Я уверен, что у огромного количества людей, которые делали свою работу, не обладая моими привилегиями, тоже не было в голове возможности этой войны. Никто в нее не верил. И я думаю, что если бы мы в нее верили, то я в частности и мы как общность многое сделали бы по-другому. Сейчас мы получаем очень болезненный опыт, исходя из которого нам нужно произвести работу над ошибками, вынести какой-то урок. Текст заканчивается тем, что у нас очень индивидуалистская страна. Большинство людей предпочитает делать свою работу, и чтобы их никто не трогал и с чужим мнением к ним не лез. Я в принципе очень это понимаю и во многом разделяю. Но я считаю, что это одна из причин, из-за которой мы дошли до того, до чего дошли. Очень сложно объединяться, очень хорошо получается сраться. Честно говоря, и моя колонка  доказывает, что сраться мы умеем идеально. 

«Я строил декорации для режима»
Не очень получилось говорить не от «мы». 

— Погоди. Еще раз. Я как отдельный человек не мог поверить, что будет эта война. Думаю, что таких, как я, очень много. Если бы я понимал, что к этому все идет, я бы многое сделал по-другому. Думаю, что другие люди — тоже. В будущем надо провести работу над ошибками. Мне и, думаю, другим людям тоже. 

У тебя уже есть какие-то варианты по поводу того, что нужно было сделать по-другому? Нужно ли было в декабре 2011 года идти на площадь Революции? 

— Вариантов очень много. Самое главное, что было не так, — это мое желание все-таки считать, что ты живешь в клевой стране, в которой происходит много чего крутого, и искать логику в том, что происходит. Сейчас разговор о том, хотел Путин начать войну или торговался, кажется бессмысленным, потому что ты имеешь дело с абсолютно отлетевшим злом. И логику там искать не надо. А я все время пытался искать логическое зерно.

Не то чтобы я думал, что президент Медведев — классный.

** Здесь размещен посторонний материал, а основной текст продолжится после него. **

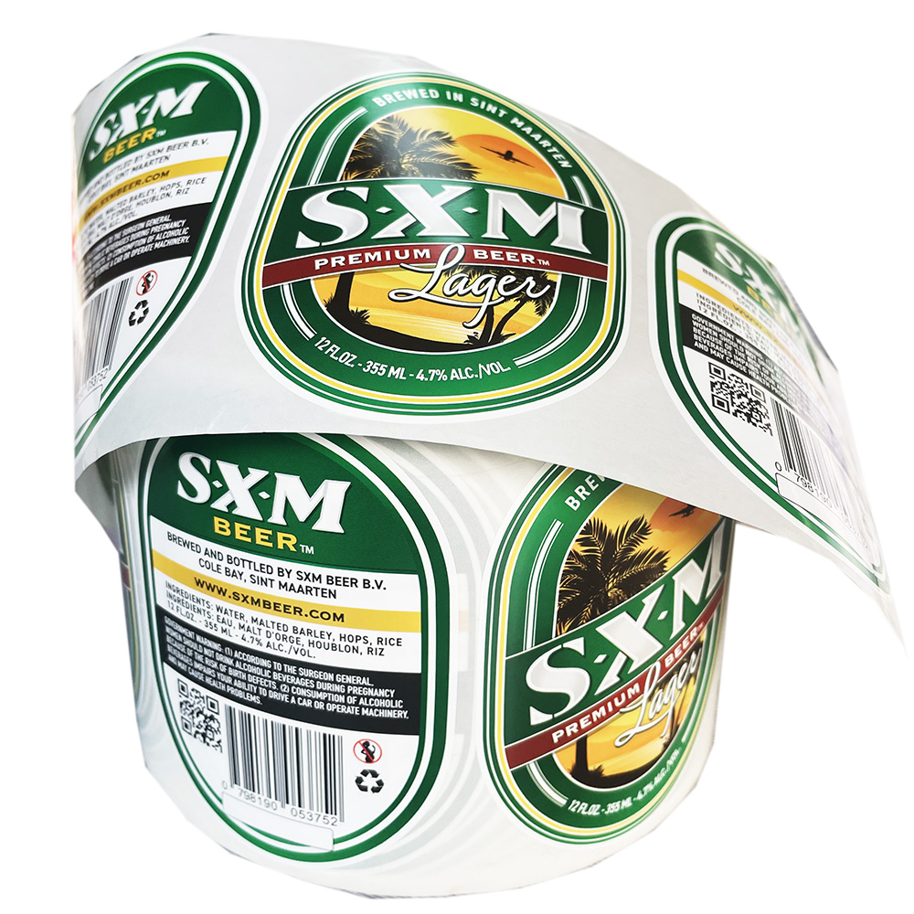 Sint Maartenin asiakkaat räätälöivät nämä juomaetikettitarrat, ja asiakkaan vaatimukset ovat seuraavat: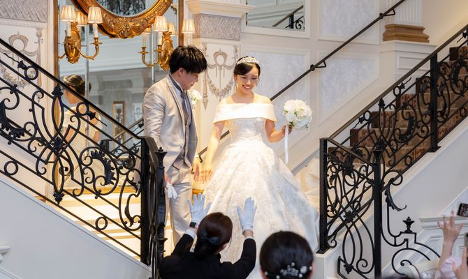 式場を決める上でどうしても譲れなかったことは、階段入場とバルーンリリース、ウェディングケーキの代わりに鏡開きでした。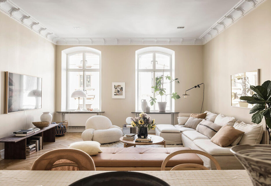 Просто гостиной этой квартиры в старом доме в Гётеборге вдохновляет. Это очень светлое и тёплое благодаря цветовой гамме помещение буквально излучает уют и гармонию. В этом интерьере дизайнеры спроектировали сразу две функциональные зоны — зона отдыха с мягкой мебелью и обеденная с большим столом на 6 персон. Белая кухня также купается в естественном свете и имеет выход на очаровательный балкон. Ну спальню с собственной гардеробной украшает акцентная синяя стена. Прекрасный скандинавский интерьер для беззаботной жизни!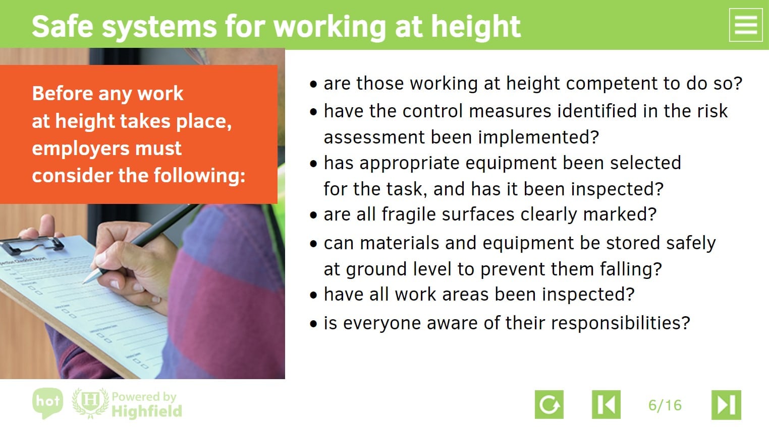 - Planning work at height

Но в принципе как бы и ничего, и вещи адекватные говорит… Или — вот сходим проголосуем за Прохорова [на президентских выборах в 2012 году], ну вот он проиграл, но мы поборолись. Или вот когда Мишустина назначили премьер-министром, я сказал: смотрите, он же сделал ФНС. И получил по ебалу [от Алексея Навального]. И сейчас понятно, что вполне заслуженно. В Советском Союзе это называлось — полезные идиоты.

То есть ты исходишь из некой неотвратимости.

— Да, все с 2000 года шло вот туда. 

Тут есть некое противоречие. Если все так детерминировано, то, в общем-то, все равно, кто что думал про Медведева или кто за кого голосовал в 2012 году.

— Я считаю, что ответ на вопрос «что мы сделали не так» не должен упрощаться до каких-то конкретных действий. Это можно сделать, но начинать нужно с концептуального. А концептуально я в своей голове подписал некий общественный договор. Я никогда не поддерживал Путина, который стал президентом, когда мне было 12 лет. Но я счастливо жил в Москве, и… Помню, когда я стал главным редактором «Афиши», я давал интервью газете «Акция», и они спросили, почему мы не пишем про политику. Я ответил: в России нет политики, появится — будем писать. И более того, мы действительно начали писать про политику [в 2011 году]. Но проблема в том, что чем позже ты начинаешь, тем меньше ты можешь сделать. 

В 2011 году было ощущение, что мы могли все это говно скинуть, и весь спор был в том, идти на площадь Революции или на Болотную. А после 2012 года это ощущение пропало.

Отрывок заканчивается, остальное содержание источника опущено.